Generally, the emphasis in ifort 8.0 is on optimization for P4 and later (/QxW, /QxN, /QxP). The loops of interest to you should vectorize. With recent versions of 8.0, which allocate arrays on 16-byte boundaries when you permit it, this should give good performance for loop lengths beyond 50 or so.

ipo isn't very relevant for BLAS, unless, possibly,you are testing with short arrays and want to in-line the BLAS functions into your test driver. In that case, there would have been no reason to use CVF /optimize:5, as that would optimize for longer loops.

I don't think anyone would buy IMSL for BLAS, with so many public BLAS versions available, and MKL optimized for IA processors.

g_f_thomas · ‎05-28-2004

"We can't read your mind, as to which CPU you are using, which options, which compiler versions, which tests you are using to compare."

What a mean-mouthed comment, so typical of tcprince! Nobody is impressed, you don't help anyone, least of all yourself, but whose's counting?.
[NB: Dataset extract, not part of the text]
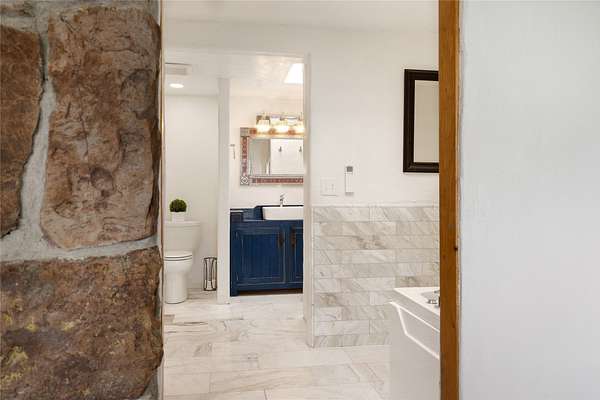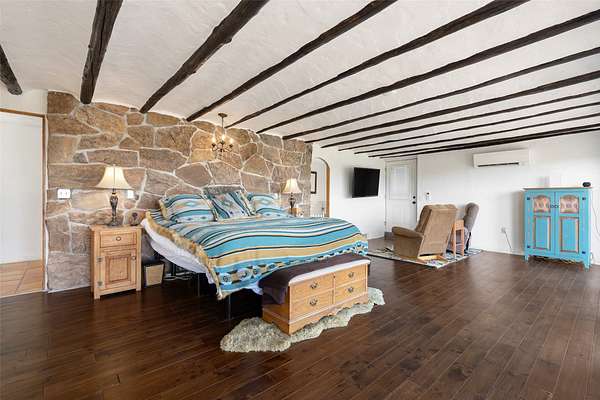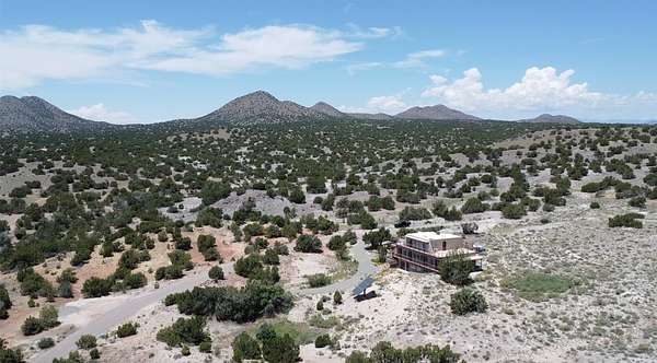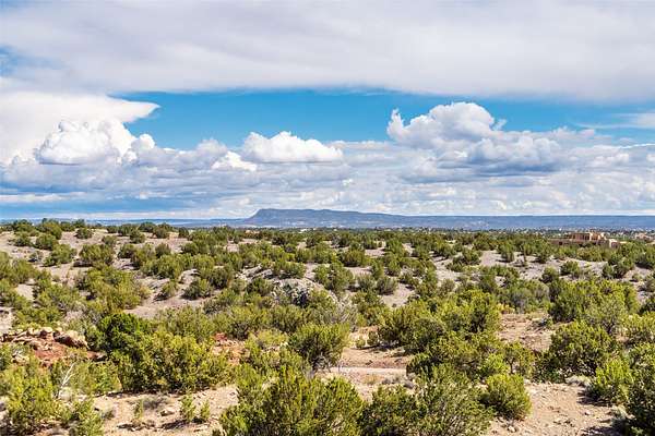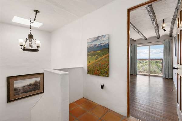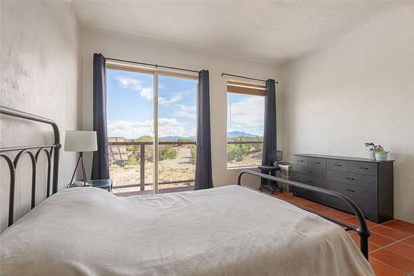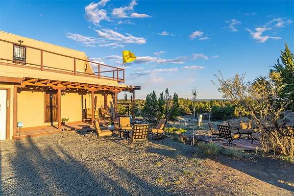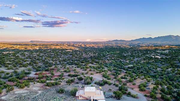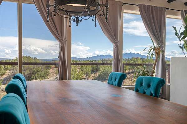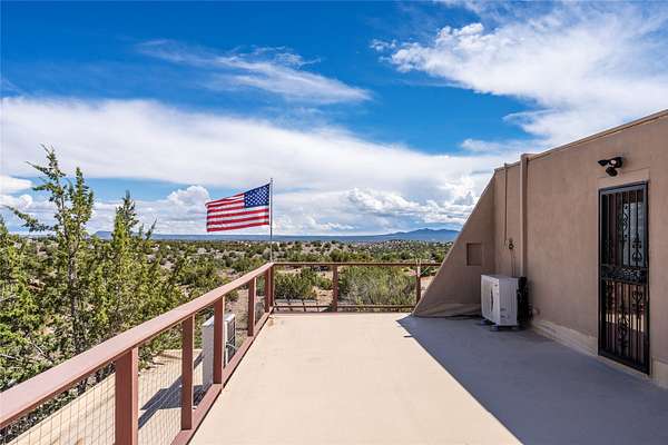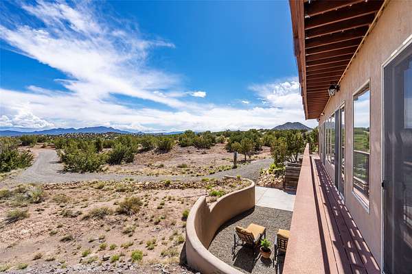 Views, privacy, and 16 acres of gently rolling hills covered in juniper, mountain mahogany, and pinon await you at this home in the highly desirable Rancho Alegre community just south of Santa Fe. Enjoy stunning views from nearly every room. The open-concept living, dining, and kitchen area offer expansive windows overlooking the surrounding landscape. The space features 10-foot ceilings with vigas, walnut hardwood floors, locally hand-forged chandeliers, and beautiful stone accent walls. The kitchen boasts high-end appliances, granite countertops, and a Lacunza wood-burning stove. On the main floor, you'll find two bedrooms, both with outdoor access, and a shared bathroom. Follow the Saltillo steps with Talavera tile risers to the spacious owners suite featuring views from multiple balconies and a spa-like bathroom. Relax with the Mr Steam dream shower and 2-person jetted tub surrounded by marble flooring. Stay active with the home gym or explore the miles of community trails. Watch a movie in the fully equipped theater room or walk nearby to the movie ranch. Enjoy clean water from a productive well, equipped with new pump, cistern, and multi-stage filtration. Stay comfortable all year with programmable mini-splits throughout the home, and owned solar panels keep cost down. The regraded, graveled driveway and excavated pad provide space for RV/toys, a horse barn, or casita. No HOA, around 25 min to Plaza, Canyon Road, or Railyard, and 50 min from ABQ Intl Airport.

It looks like IMSL 5 gives you all of MKL, so don't waste anything, especially money, on the latter.

HTH,
Gerry T.

arypramudito · ‎05-28-2004

Well TC prince i want to have a function IMSL like for matrix subroutine, since i dont have IMSL5 for IFORT, but i do for CVF.
Thats why i try to compile LAPACK library. I compiled library using CVF and IFORT for testing the speed to.

My processor was an AMD, but i will go for a bench on my office comp that has P4.
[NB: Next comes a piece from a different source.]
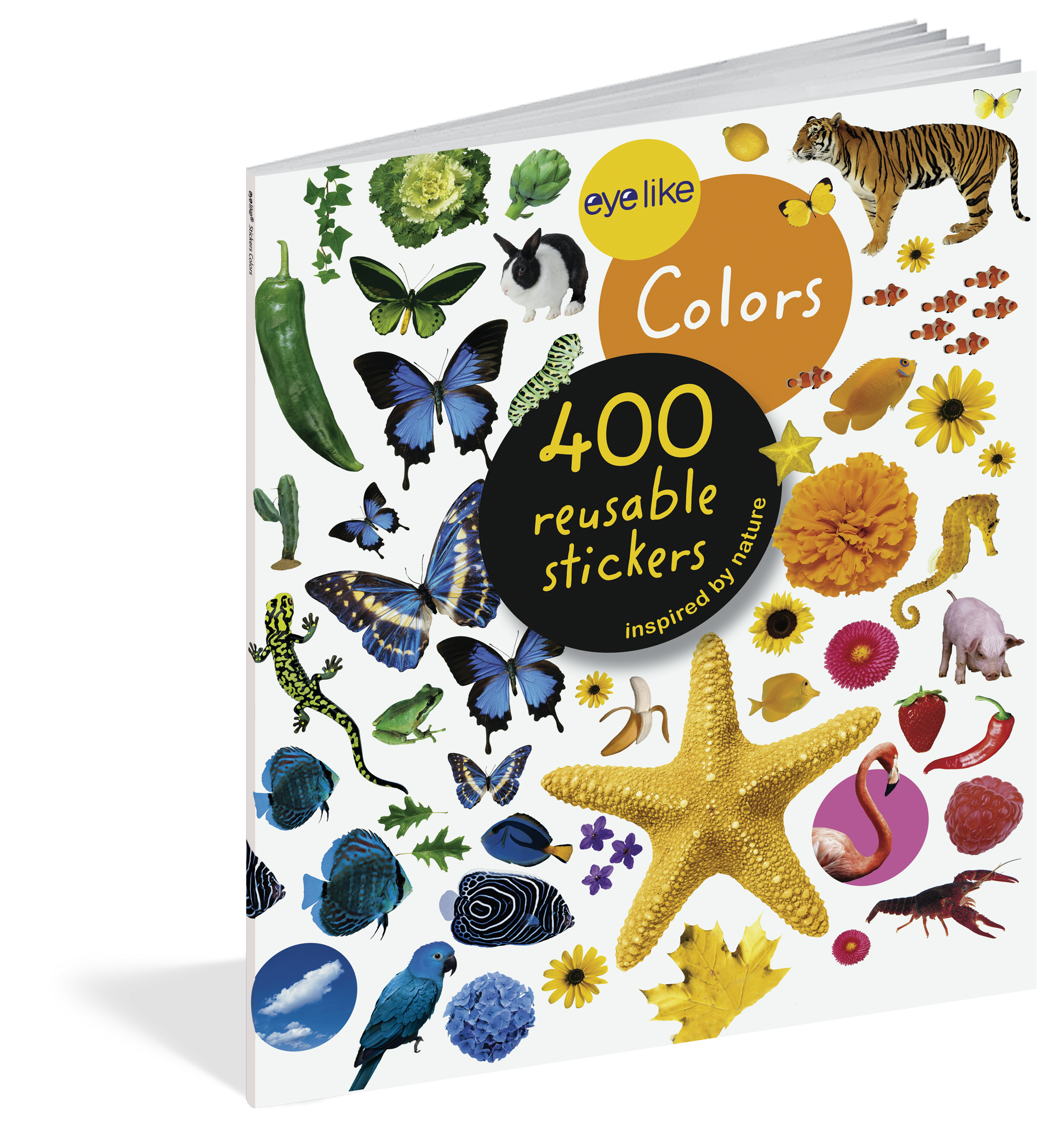 Containing stickers in every color of the rainbow, each page is full of vibrant, photorealistic images sorted by color (orange is for tigers, clownfish, pumpkins, parrots, and carrots!). Whether on windows, notebooks, lunch boxes, or scrapbooks, these peel-and-place stickers are perfect for creating your own work of art anytime, anywhere, and are designed to be stuck on, peeled off, and stuck on again without tearing or losing their “stick.” The books’ inside covers are glossy illustrated backgrounds on which kids can create lively and original sticker scenes―and then change them whenever they like.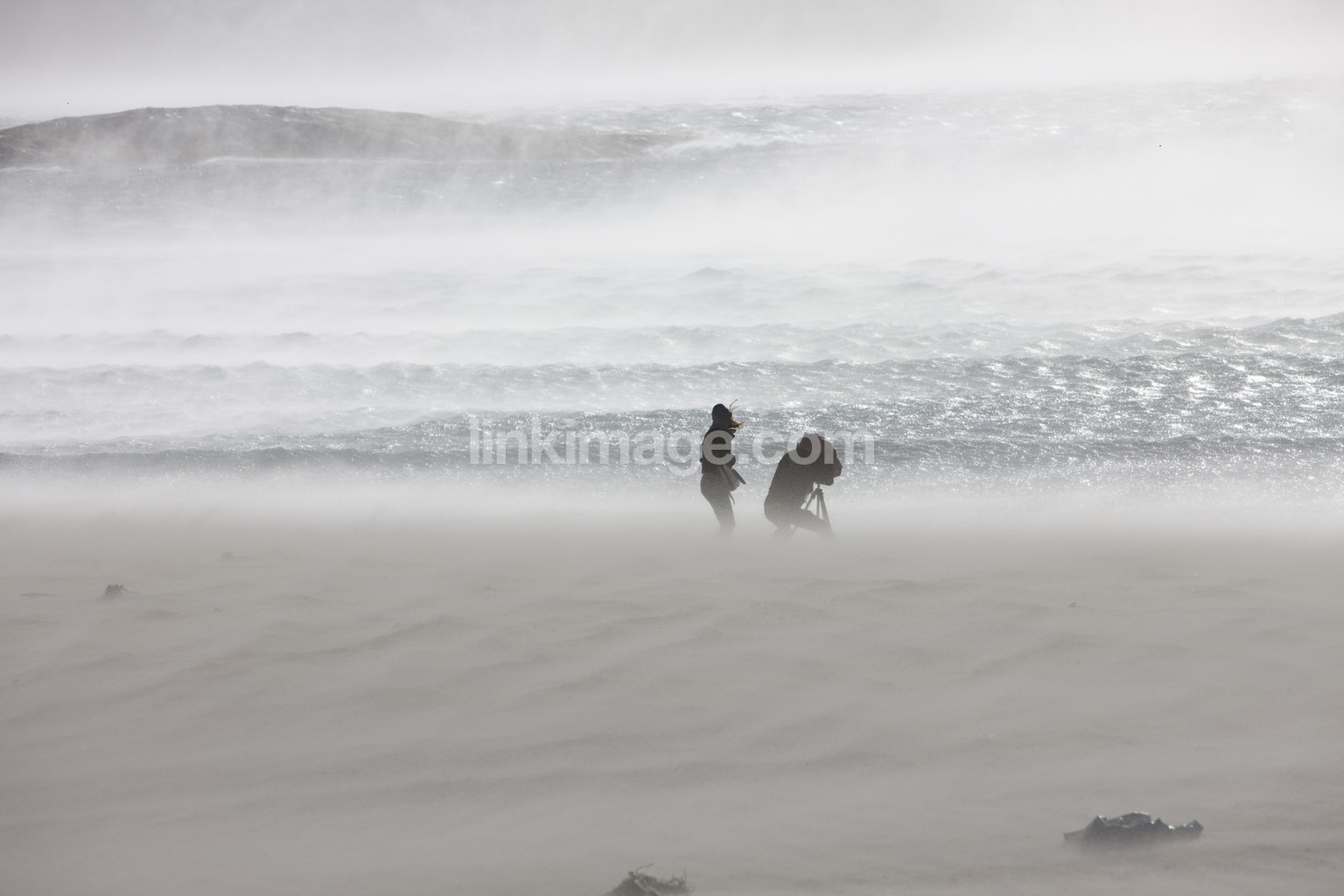 storm, sea, sand, shore, wind, wave, waves, force, figure, camera, photographer

For CVF i using same "make" as i download from netlibs but i edit option build: df -optimize:2 as df -optimize:5 and processor option is Pentium3 for building a static library.
Since LAPACK gave a demo testing and bench by creating the exe files, i build the exe and ran the test. The testing showed that i have error on verification.
I did compiling static library and demo exe again by using optimize:4 and optimize:3, the result is optimize:4 still gave error, and optimize:3 give no error.

For IFORT i change the make "make" with ifort /QaxW /Qx /Qipo
resulting error when reasembly lib to create exe file
so i change to ifort /QaxW /Qx
It was succesfull and i try to bench the exe bench resulting CVF compiled is faster almost 50%.

Question :
For CVF; To much optimize will kill you ?
For IFORT 8.0, Why the speed difference is quite big?

arypramudito · ‎05-28-2004

Sorry mistypes

/Qx should be /Ox

CVF is 6.5 and 6.6B
IFORT vers is 8 standard

additional option is /architecture:pn3 /tune:pn3 for both build options CVF and IFORT.

g_f_thomas · ‎05-28-2004

tcprince:

"We can't read your mind, as to which CPU you are using, which options, which compiler versions, which tests you are using to compare."

gft to Steve Lionel re tcprince :

Is this being a representative of Intel?, it's not clear, and in any event, Intel ought not to condone his overt contempt for forum users, a behavior you tacitely endorse. His contribution to the forum is of questionable
value and his nonparticipation wouldn't be missed.

--
Gerry T.

TimP · ‎05-28-2004

CVF has an option /fltconsistency which removes some optimizations which may be troublesome, and may allow you to remove /optimize. /optimize:5 could unroll loops too much, particularly if they are short, or have already been unrolled in the source code, as you may see in the code you have.

The closest option in ifort 8.0 to :pn3 is /QxK /Qprefetch. Unfortunately, the libraries invoked by /QxKmay fail when run on AMD. This should be corrected in the next update. That should make a big improvement on your CPU. /QaxW should show you the improvement on your P4, but when run on a P3 compatible machine, it may not do well, as you have seen. You could try adding the options /Qprefetch/G6, it may make some improvement for the older AMD. There may be tests in lapack which work only with /Op, which has some things in common with the CVF /fltconsistency.

arypramudito · ‎06-04-2004

I have tried ifort /G6 /Qprefetch resulting DGEMM 1,4 Gflop DGEV 0,5 Gflop. So no improvement.

then i use GOTO BLAS Pentium3 resulting DGEMM 1,6 Gflop DGEV 1,4 Gflop,

comparing to CVF resultingDGEMM 1,37 Gflop DGEV 1,2 Gflop.